In this notebook, we demonstrate using a simple greedy policy for [Citi Bike](https://maro.readthedocs.io/en/latest/scenarios/citi_bike.html), a real-world bike repositioning scenario. Our greedy policy is simple: if the event type is supply, the policy will make the current station send as many bikes as possible to one of k stations with the most empty docks. If the event type is demand, the policy will make the current station request as many bikes as possible from one of k stations with the most bikes. We use a heap data structure to find the top k supply/demand candidates from the action scope associated with each decision event.

In [1]:
import heapq
import random

from maro.simulator import Env
from maro.simulator.scenarios.citi_bike.common import Action, DecisionEvent, DecisionType


class GreedyPolicy:
    def __init__(self, supply_top_k: int = 1, demand_top_k: int = 1):
        self._supply_top_k = supply_top_k
        self._demand_top_k = demand_top_k

    def choose_action(self, decision_event: DecisionEvent):
        if decision_event.type == DecisionType.Supply:
            # Find k target stations with the most empty slots, randomly choose one of them and send as many bikes to
            # it as allowed by the action scope.
            top_k_demands = []
            for demand_candidate, available_docks in decision_event.action_scope.items():
                if demand_candidate == decision_event.station_idx:
                    continue

                heapq.heappush(top_k_demands, (available_docks, demand_candidate))
                if len(top_k_demands) > self._demand_top_k:
                    heapq.heappop(top_k_demands)
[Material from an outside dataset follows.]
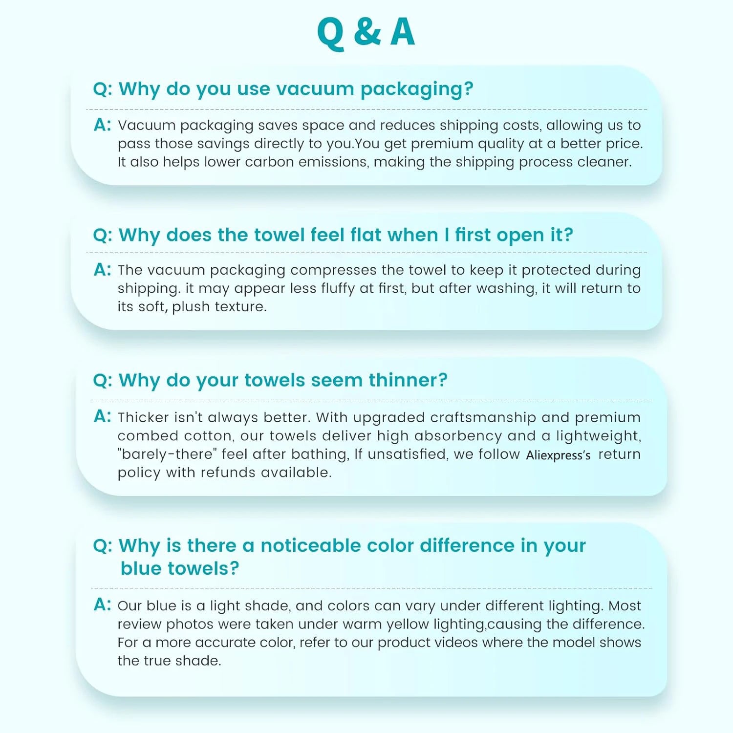 Washing: Towels should be washed separately or mixed other white items, avoided subtle discoloration over time.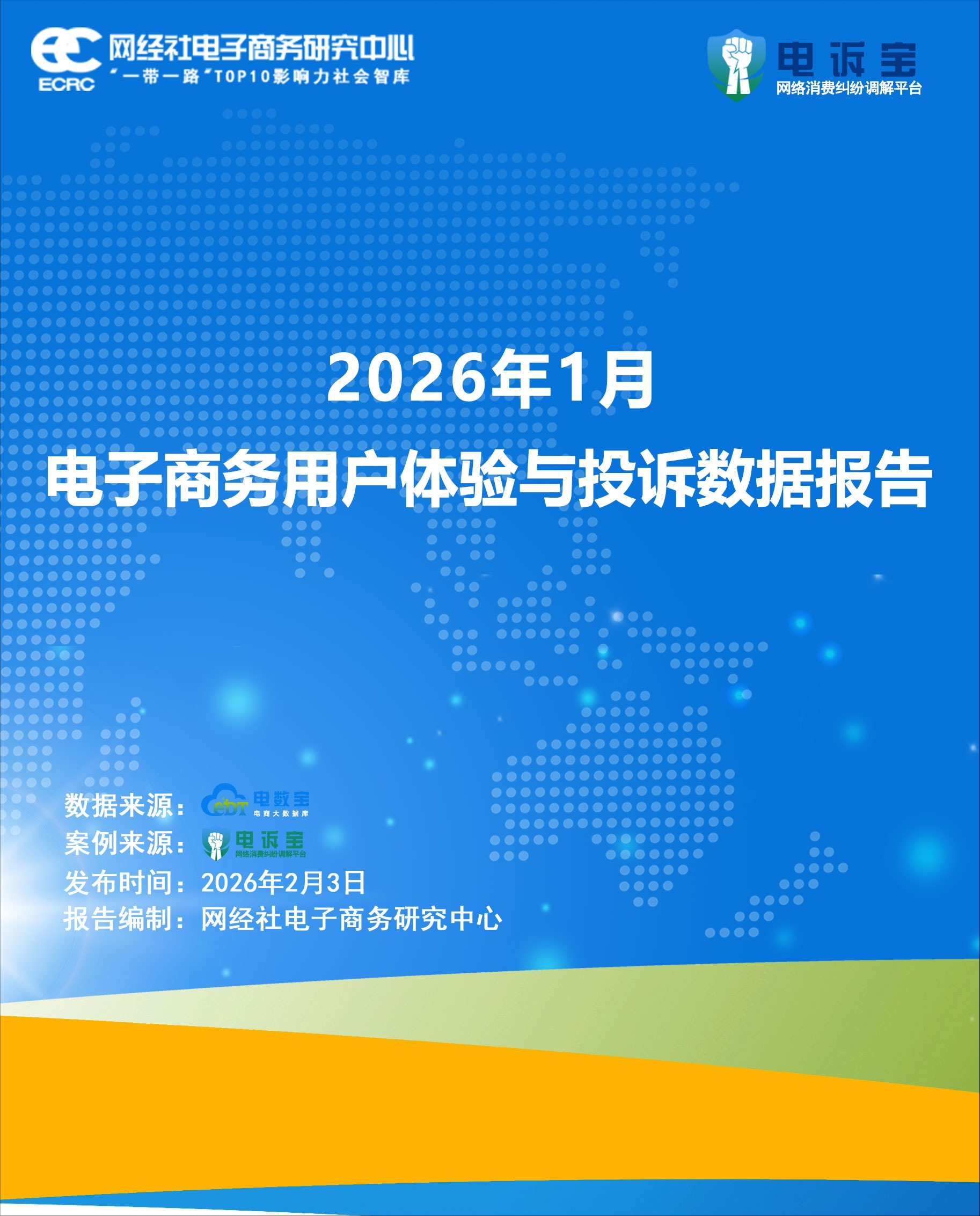 报告涵盖了零售电商、生活服务电商几大板块,公布了2026年1月网络消费投诉数据及《零售电商十大典型投诉案例》《生活服务电商十大典型投诉案例》。

            max_reposition, target_station_idx = random.choice(top_k_demands)
            action = Action(decision_event.station_idx, target_station_idx, max_reposition)
        else:
            # Find k source stations with the most bikes, randomly choose one of them and request as many bikes from
            # it as allowed by the action scope.
            top_k_supplies = []
            for supply_candidate, available_bikes in decision_event.action_scope.items():
                if supply_candidate == decision_event.station_idx:
                    continue

                heapq.heappush(top_k_supplies, (available_bikes, supply_candidate))
                if len(top_k_supplies) > self._supply_top_k:
                    heapq.heappop(top_k_supplies)
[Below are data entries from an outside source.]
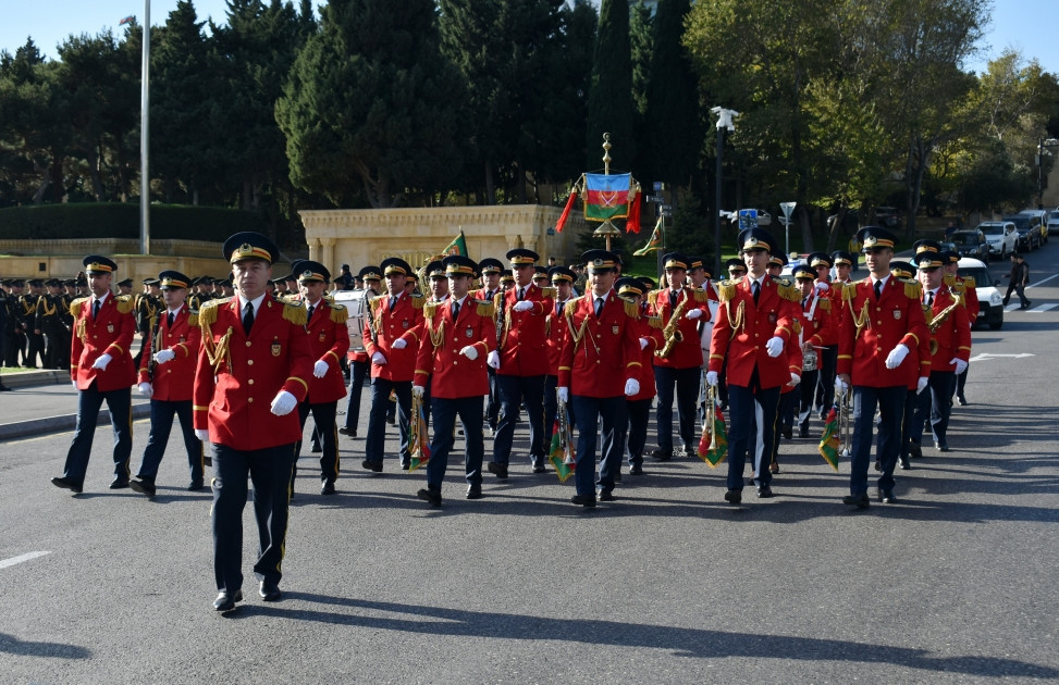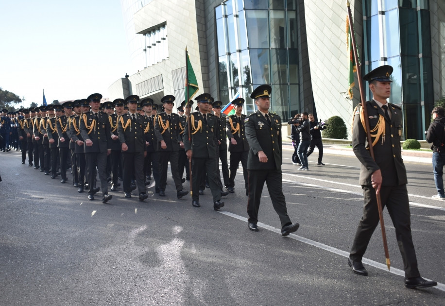 Затем военные оркестры исполнили Государственный гимн Азербайджана, после чего началось шествие военных.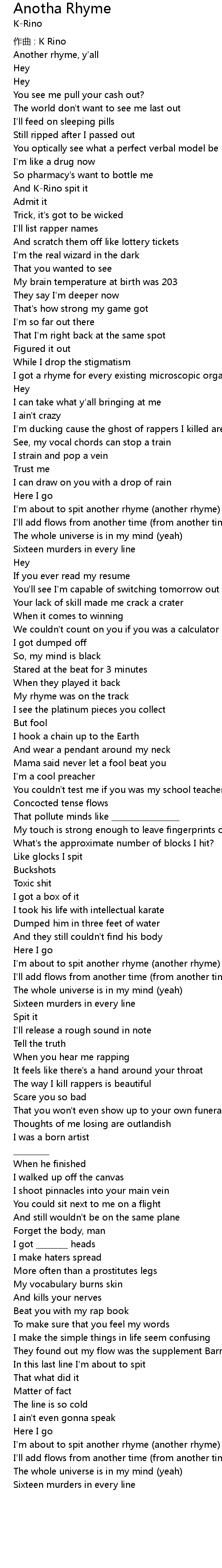 | 歌曲 | Anotha Rhyme |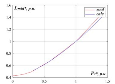 Based on the results of tables 3 and 2, the dependences are plotted for the relative value of the active power consumed from the network on the relative value of the useful power P1*=f(P2*) (P1/P1н=f(Р2/Р2н) (Fig. 7) and the dependence of the average relative value phase current of the stator on the relative value of useful power (I1mid*)=f(P2*) (I1/I1н)=f(Р2/Р2н) (Fig. 8).

            max_reposition, source_idx = random.choice(top_k_supplies)
            action = Action(source_idx, decision_event.station_idx, max_reposition)

        return action

# Interaction with the Greedy Policy

This environment is driven by [real trip history data](https://s3.amazonaws.com/tripdata/index.html) from Citi Bike. 

In [2]:
env = Env(scenario="citi_bike", topology="ny.201801", start_tick=0, durations=2880, snapshot_resolution=10)
policy = GreedyPolicy()
metrics, decision_event, done = env.step(None)
while not done:
    metrics, decision_event, done = env.step(policy.choose_action(decision_event))

print(f"Greedy policy performance: {env.metrics}")
env.reset()

Greedy policy performance: {'trip_requirements': 17729, 'bike_shortage': 12305, 'operation_number': 229229}